Sır şimdi bunca güzel hayat, güzel ölüm!
Sır şimdi gözyaşları, saadet dilekleri
Bize gelen yüzyılların hikâyesi sır
Eski İzmir diye ne varsa şunun bunun bildiği
Yaşlıların kırık dökük anlattığıdır
Aşkı şehirler yaratır, şehirler yaşatır
Ben gönlümce yaşadım, gönlümce sevdim
Bilirim saadetim, yalnızlığım bundandır
Seni bulduğum, kaybettiğim günden bilirim.
Aşklarının tarihi bir şehrin tarihidir diyorum
Gün gelir aşklariyle anılır şehirler anılırsa
Niyetim sevdalı sözler etmek de olmasa
İzmir için ne yazarsam sana adıyorum
Her ne kadar yazdığı şiirde ‘’Küçüğüm şimdi sen on sekizindesin’’demişse de, sevdiği kız olan Oya bu yaşın çok altındadır. Cumalı ise otuzun üstünde. ‘’Gecelerdesin’’sözcüğüne uyak olsun diye ‘’on sekizindesin’’ demiştir. Çoğu kez imgeler dünyasında yaşayan bir ozandır. Bu nedenle çocuksu yanı ağır basar. Her dönemde tatlı, sevimli bir çocuk olarak kalmıştır.

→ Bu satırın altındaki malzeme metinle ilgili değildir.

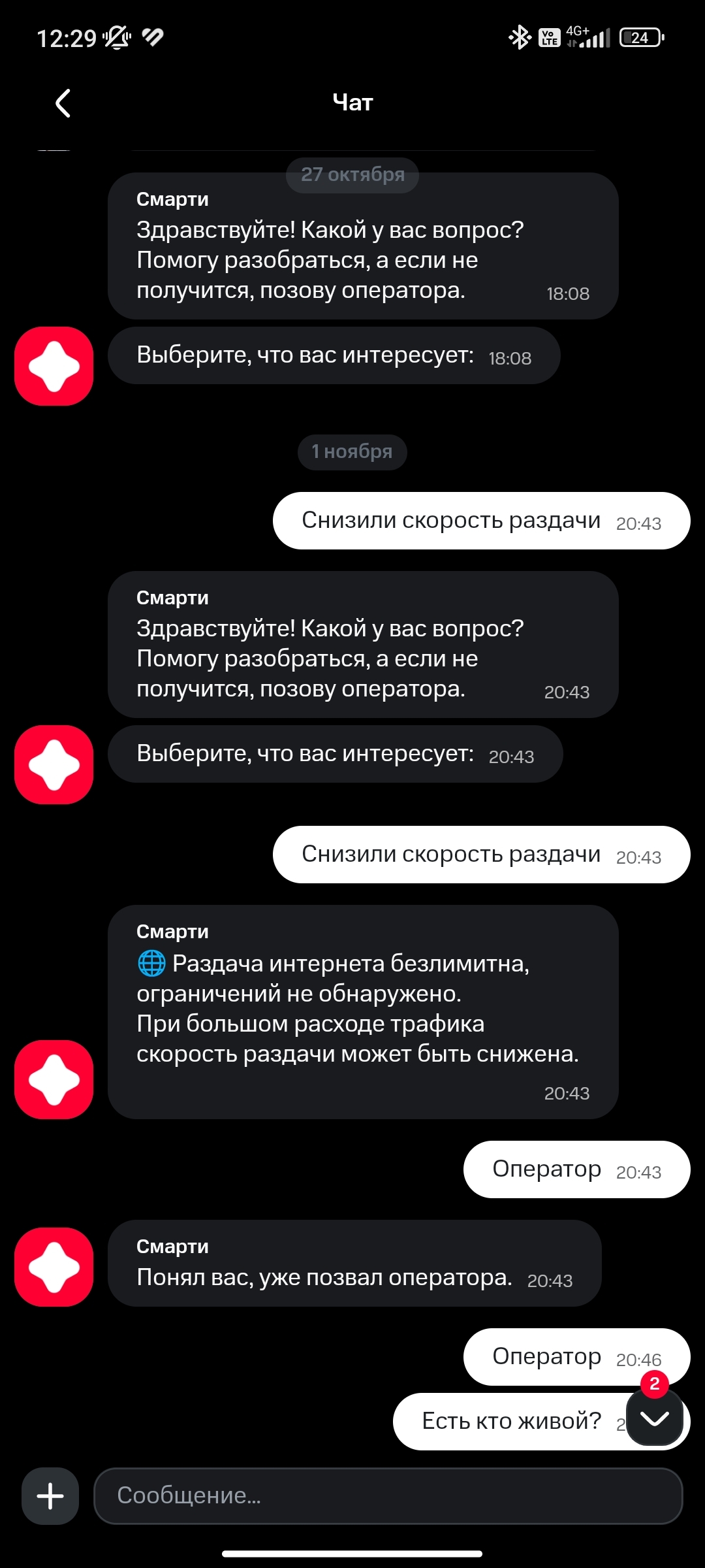 Заехал 24 октября, 27 октября во время просмотра хоккейного матча с участием моей любимой команды приходит смс с оповещением и снижении скорости до 256 кбит. Я просто охуел. Нет, я ОХУЕЛ. Решил, что изъебу им все мозги во время перерыва между периодами. Немного подергавшись, первый оператор ушел в закат. На смену ему пришел другой. Поняв, что я настроен очень категорично, оператор Ольга, цитирую, "обновила квоту раздачи". Возможно, я неправильно ее понял. Но в моем понимании мне просто дали 30 гб сверху.

İzmir için ne yazarsa o günkü kıza adayan ozan, Urla’ya da çok şey adamıştır. Urla nın taşlarıyla, topraklarıyla oynamış, suyunu içmiş,dağlarında gezip havasını koklamıştır. Urla üzerine yüzlerce şiir yazmıştır.Ege yöresinin kasaba ve kırsal kesim insanlarını gündeme getirdiği öykü ve romanlarının çoğunda Urla halkını ve köylülerini bulursunuz.’’Zeliş, Susuz Yaz, ve Nalınlar’’adlı yapıtlarını , Urla’da avukatlık yaptığı1950’lerde yazmıştır. ‘’Tütün Zamanı, Yağmurlarla Topraklar, Acı Tütün’’de Urla’daki tütün üreticilerinin güçlüklerle dolu yaşamı çıkar karşınıza.
Urlalılar adlı uzun şiirinde Urla’nın çeşitli tiplerini, İbrahim’i, Muhsin’i,Arabacı Hasan ile karısı Meryem’i, Eda’nın düğününü, zeytin işçilerini getirir gündeme.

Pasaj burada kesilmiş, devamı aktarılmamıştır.